SOP transfusi darah sesuai SPO PPNI:

  1. Identifikasi pasien menggunakan minimal dua identitas (nama lengkap, tanggal lahir, dan/atau nomor rekam medis)
  2. Jelaskan tujuan dan Langkah-langkah prosedur
  3. Siapkan alat (lihat persiapan alat diatas)
  4. Lakukan kebersihan tangan 6 langkah
  5. Pasang sarung tangan bersih
  6. Lakukan pengecekan ganda (double check) pada label darah (golongan darah, rhesus, tanggal kadaluarsa, nomor seri, jumlah dan identitas pasien)
  7. Pasang akses intravena, jika belum terpasang
  8. Periksa kepatenan akses intravena, flebitis, dan tanda infeksi lokal
  9. Berikan NaCl 0,9% 50 – 100 ml sebelum transfusi dilakukan
  10. Sambungkan kantung darah dengan set transfusi
  11. Atur kecepatan transfusi 2 mL/menit pada 15 menit pertama, dan jika tidak terjadi respons alergi maka transfusi dapat dipercepat sesuai target dan kondisi pasien
  12. Berikan transfusi dalam waktu maksimal 4 jam (untuk WB, PRC, PRC-LD, WE), 2 jam (untuk TC), atau 6 jam (untuk FFP dan cryoprecipitate)
  13. Bilas selang dengan mengalirkan cairan NaCl 50 – 100 ml
  14. Monitor TTV dan adanya tanda/gejala respons alergi (saat transfusi dimulai, 15 menit setelah transfusi dimulai, saat transfusi selesai, 4 jam setelah transfusi selesai)

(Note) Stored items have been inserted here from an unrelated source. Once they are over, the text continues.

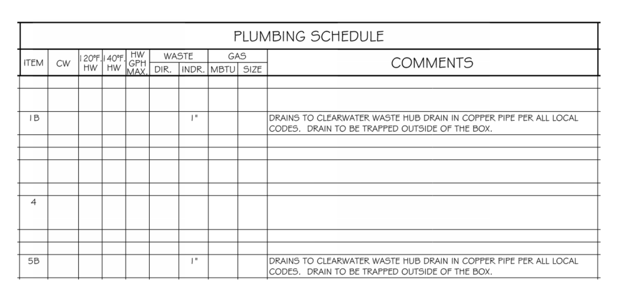 This schedule can quickly help you determine equipment requirements for pipe sizes, systems, water temperatures, what you are responsible for providing (trench and floor drains are common items), as well as other critical information for your design.
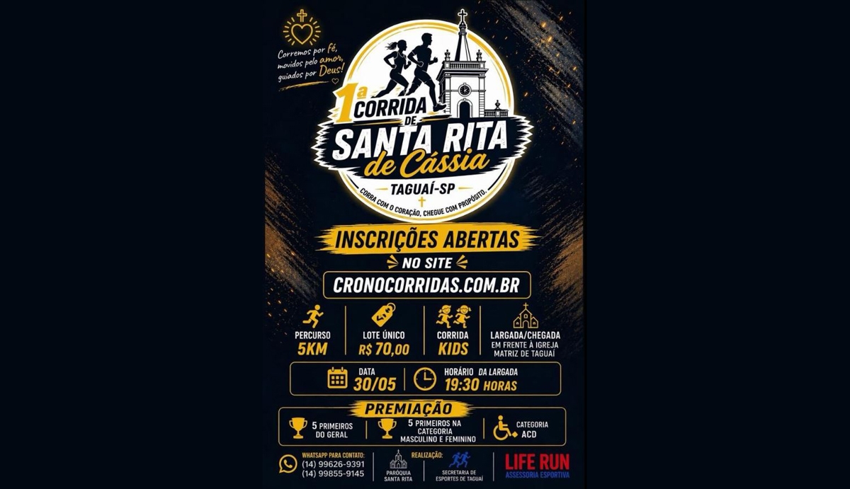Taguaí se prepara para receber a 1ª Corrida de Santa Rita de Cássia, evento esportivo que promete reunir atletas da cidade e de toda a região no dia 30 de maio, com largada às 19h30, em frente à Igreja Matriz de Taguaí.
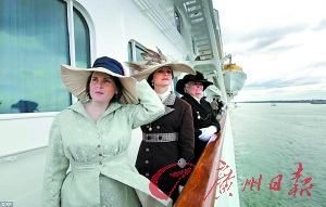 一些女乘客以“泰坦尼克號”所處時代的服裝風格來打扮自己 美國密西根大學安娜堡分校冰川學家杰里米·巴希斯指出: “如果‘泰坦尼克’號沿著與當年相同的航線行駛,將遭遇更多冰山。” 羅溫斯坦指出,由于海洋內的冰分布情況始終處于變化之中,科學家無法預測冰山的規模以及將在何處形成。也就是說,科學家并不清楚“泰坦尼克”號在1912年或者今天進行航行時遭遇多少冰山。 羅溫斯坦說:“為了防止出現‘泰坦尼克’號那樣的災難,人們也采取了很多措施,例如增加客輪的救生艇數量。面對氣候變化,我們也應采取更多新措施加以應對。 |

  15. Hentikan transfusi jika terdapat reaksi transfusi
  16. Rapikan pasien dan alat-alat yang digunakan
  17. Lepaskan sarung tangan
  18. Lakukan kebersihan tangan 6 langkah
  19. Dokumentasikan prosedur yang telah dilakukan dan respon pasien

Referensi

  1. Aini, F.N., Utami, M.N., & Lestari, B.S. (2020). Komponen Darah. Jakarta: Cipta Gadhing Artha.

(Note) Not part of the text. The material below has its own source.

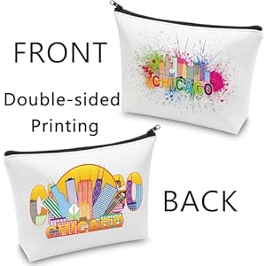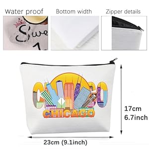 CARATTERISTICHE Questi sacchetti per il trucco con cerniera Chicago sono ottimi regali semplici e speciali. Immagini stampate su entrambi i lati di alta qualità, rivestimento impermeabile, queste borse portatili sono comode da usare nella vita quotidiana.

  2. Artha, I.G.P.W., & Budiarta, I.G. (2017). Transfusi darah pasca bedah. Denpasar: RSUP Sanglah.
  3. Fleming, R. (2014). Strategies to reduce allogenic blood transfusion. Journal of Transfusion Medicine 2014;7(1):20-25.
  4. Gaol, H.L., Tanto, C., & Pryambodho. (2014). Kapita Selekta Kedokteran: Transfusi Darah. Jakarta: Media Aesculapius.
  5. Harris, JC., Crookston, KP. (2022). Blood Product Safety. [Updated 2022 May 1]. In: StatPearls [Internet]. Diakses pada 19 Desember 2022 di https://www.ncbi.nlm.nih.gov/books/NBK539826/
  6. Mangku, G., & Senapathi, T.G.A. (2010). Buku ajar ilmu anesteria dan reanimasi. Jakarta: Indeks.
  7. Morgan, G.E., & Mikhail, M.S. (2013). Clinical Anesthesiology. 5th Edition. United States: Lange.
  8. PPNI (2021). Pedoman Standar Operasional Prosedur Keperawatan, Edisi 1. Jakarta: PPNIv.
  9. PPNI. (2017). Standar Diagnosis Keperawatan Indonesia:Definisi dan Indikator Diagnostik, Edisi 1 Cetakan III (Revisi). Jakarta: PPNI.
  10. Seeber, P., & Shander, A. (2013). Basics Of Blood Management, 2nd Edition. United Kingdom: Wiley Blackwell.
  11. Sharma, S., Sharma, P., Tyler, L,N. (2011). Transfusion of Blood and Blood Products: Indications and Complications. Am Fam Physician, 83(6): 719 – 724.
  12. Sirait, R.H. (2019). Bahan kuliah transfusi darah. Jakarta: Departemen Anestesiologi Fakultas Kedokteran Universitas Kristen Indonesia.